## THE PROBLEM
Nothing but the lines from the one containing "Составвода, этил бутилацетил-аминопропионат" through the one containing "Navy Sandro Paris", both included, should be given again, each exactly as written below.

## INFORMATION GIVEN

--*--

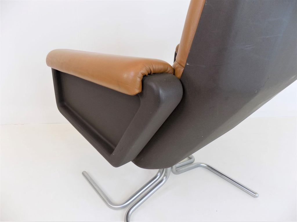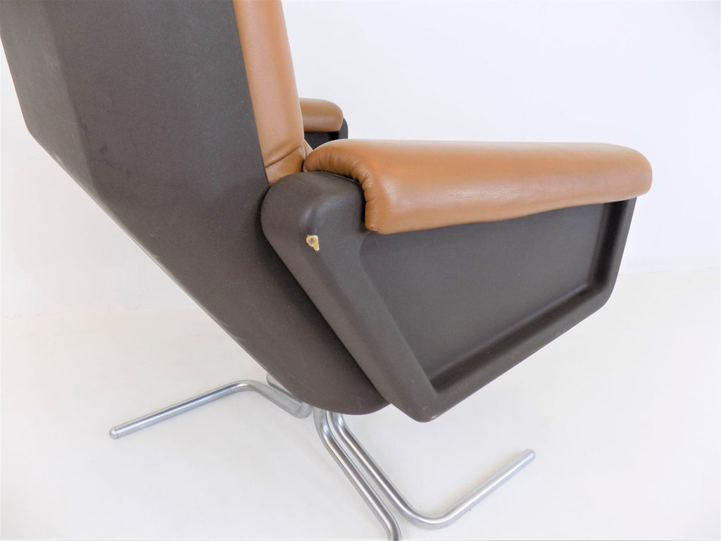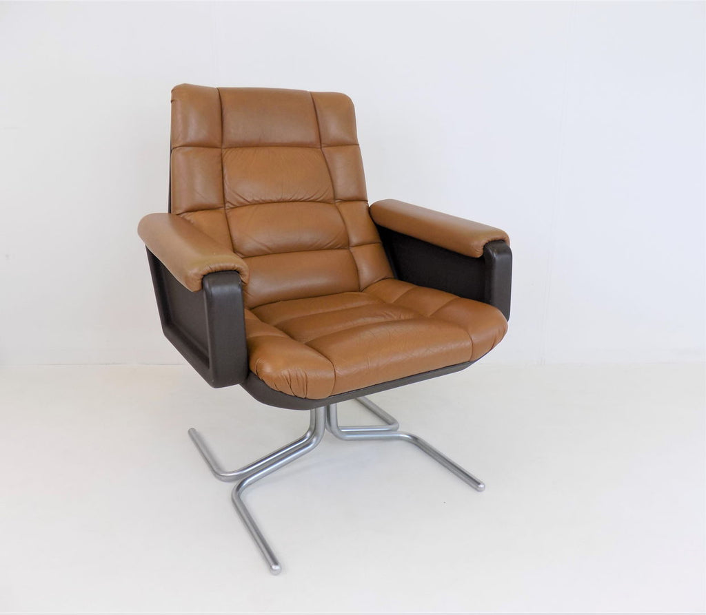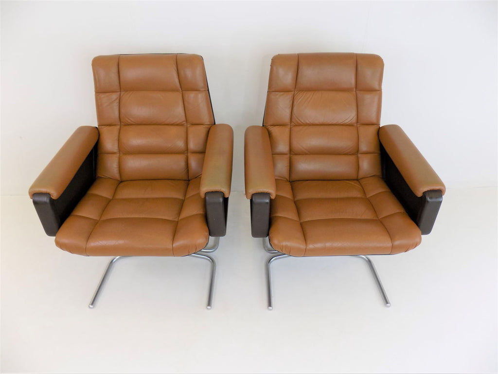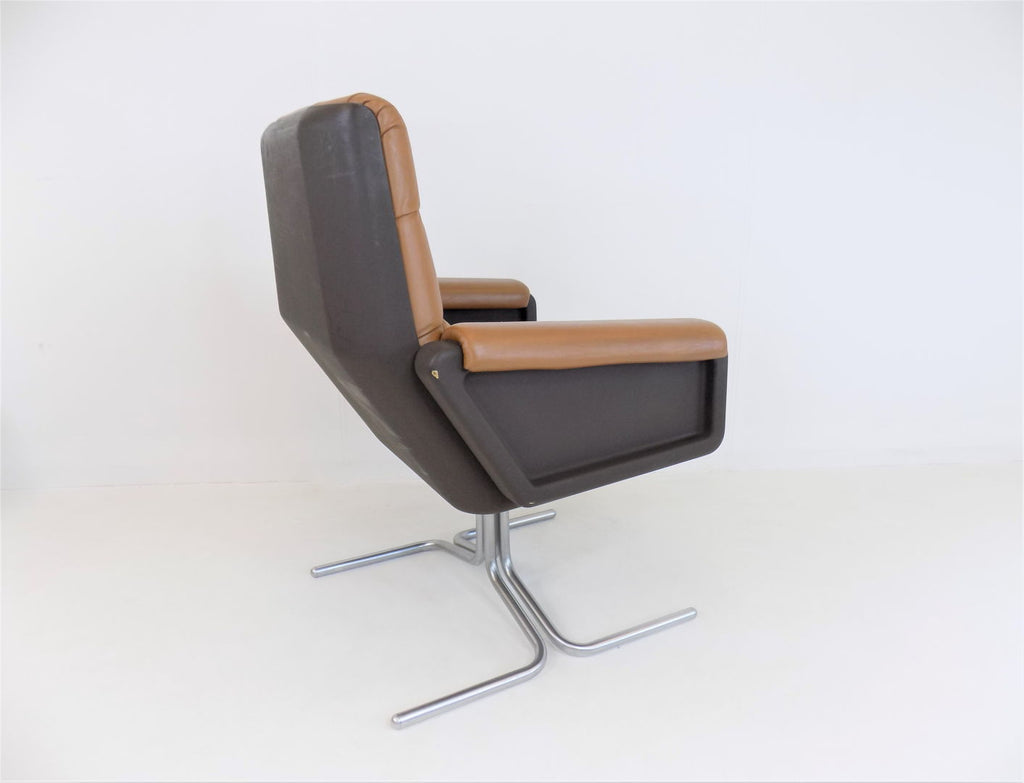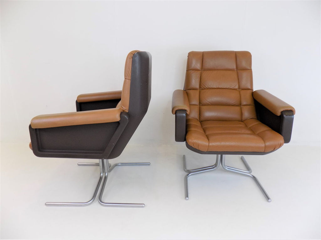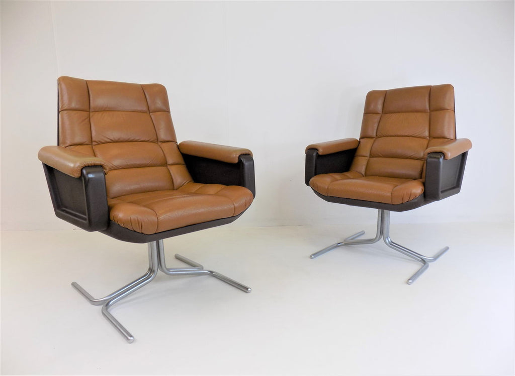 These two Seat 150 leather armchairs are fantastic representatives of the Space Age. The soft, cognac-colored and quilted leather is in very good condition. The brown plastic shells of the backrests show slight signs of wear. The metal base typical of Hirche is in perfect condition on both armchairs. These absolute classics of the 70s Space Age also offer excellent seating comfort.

--*--

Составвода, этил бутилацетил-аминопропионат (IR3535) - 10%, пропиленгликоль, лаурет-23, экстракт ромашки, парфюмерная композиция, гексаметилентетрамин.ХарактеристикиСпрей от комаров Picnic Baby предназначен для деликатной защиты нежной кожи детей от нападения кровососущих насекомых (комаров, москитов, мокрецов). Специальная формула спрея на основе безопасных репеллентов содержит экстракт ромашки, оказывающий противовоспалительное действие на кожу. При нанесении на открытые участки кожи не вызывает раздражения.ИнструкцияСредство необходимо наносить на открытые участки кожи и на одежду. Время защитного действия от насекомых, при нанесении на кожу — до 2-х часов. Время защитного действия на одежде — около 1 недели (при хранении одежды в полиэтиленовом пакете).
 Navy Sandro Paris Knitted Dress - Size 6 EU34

--*--

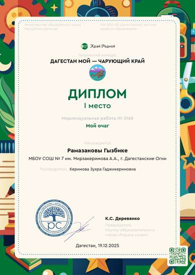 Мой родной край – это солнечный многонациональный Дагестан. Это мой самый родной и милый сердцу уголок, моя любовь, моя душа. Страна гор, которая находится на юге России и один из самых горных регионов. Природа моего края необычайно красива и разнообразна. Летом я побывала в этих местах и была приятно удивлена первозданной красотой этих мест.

--*--

## EXPECTED ANSWER
Составвода, этил бутилацетил-аминопропионат (IR3535) - 10%, пропиленгликоль, лаурет-23, экстракт ромашки, парфюмерная композиция, гексаметилентетрамин.ХарактеристикиСпрей от комаров Picnic Baby предназначен для деликатной защиты нежной кожи детей от нападения кровососущих насекомых (комаров, москитов, мокрецов). Специальная формула спрея на основе безопасных репеллентов содержит экстракт ромашки, оказывающий противовоспалительное действие на кожу. При нанесении на открытые участки кожи не вызывает раздражения.ИнструкцияСредство необходимо наносить на открытые участки кожи и на одежду. Время защитного действия от насекомых, при нанесении на кожу — до 2-х часов. Время защитного действия на одежде — около 1 недели (при хранении одежды в полиэтиленовом пакете).
 Navy Sandro Paris Knitted Dress - Size 6 EU34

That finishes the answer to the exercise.